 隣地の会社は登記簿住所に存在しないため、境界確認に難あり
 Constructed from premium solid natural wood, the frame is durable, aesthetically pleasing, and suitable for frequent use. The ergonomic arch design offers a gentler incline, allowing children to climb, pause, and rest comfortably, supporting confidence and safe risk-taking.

--------------------------------------------------

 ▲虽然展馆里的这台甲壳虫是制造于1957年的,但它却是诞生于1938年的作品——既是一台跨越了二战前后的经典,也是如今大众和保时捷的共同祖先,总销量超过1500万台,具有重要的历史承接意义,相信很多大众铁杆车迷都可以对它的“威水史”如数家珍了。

--------------------------------------------------

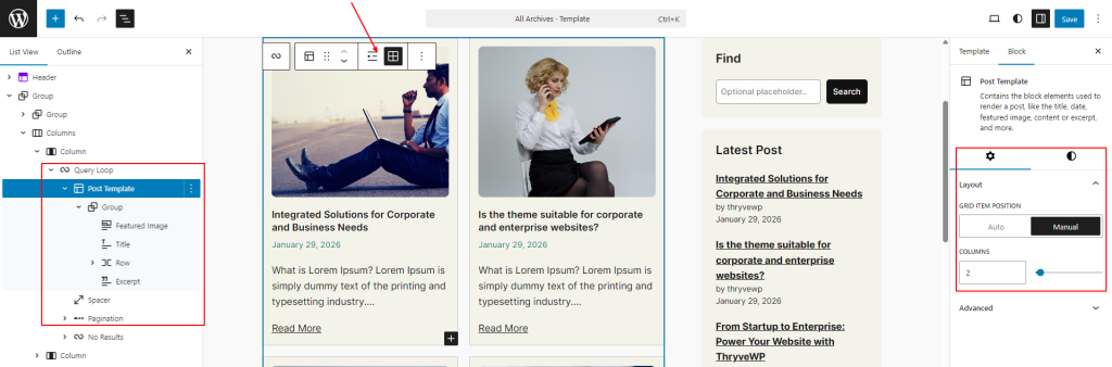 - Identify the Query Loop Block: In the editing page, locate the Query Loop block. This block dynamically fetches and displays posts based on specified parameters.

--------------------------------------------------

TASK STATEMENT:
Begin at the line that has "隣地の会社は登記簿住所に存在しないため、境界確認に難あり" in the entries above; stop after the line that has "Constructed from premium". Transcribe exactly those lines and no others.

EXERCISE ANSWER:
 隣地の会社は登記簿住所に存在しないため、境界確認に難あり
 Constructed from premium solid natural wood, the frame is durable, aesthetically pleasing, and suitable for frequent use. The ergonomic arch design offers a gentler incline, allowing children to climb, pause, and rest comfortably, supporting confidence and safe risk-taking.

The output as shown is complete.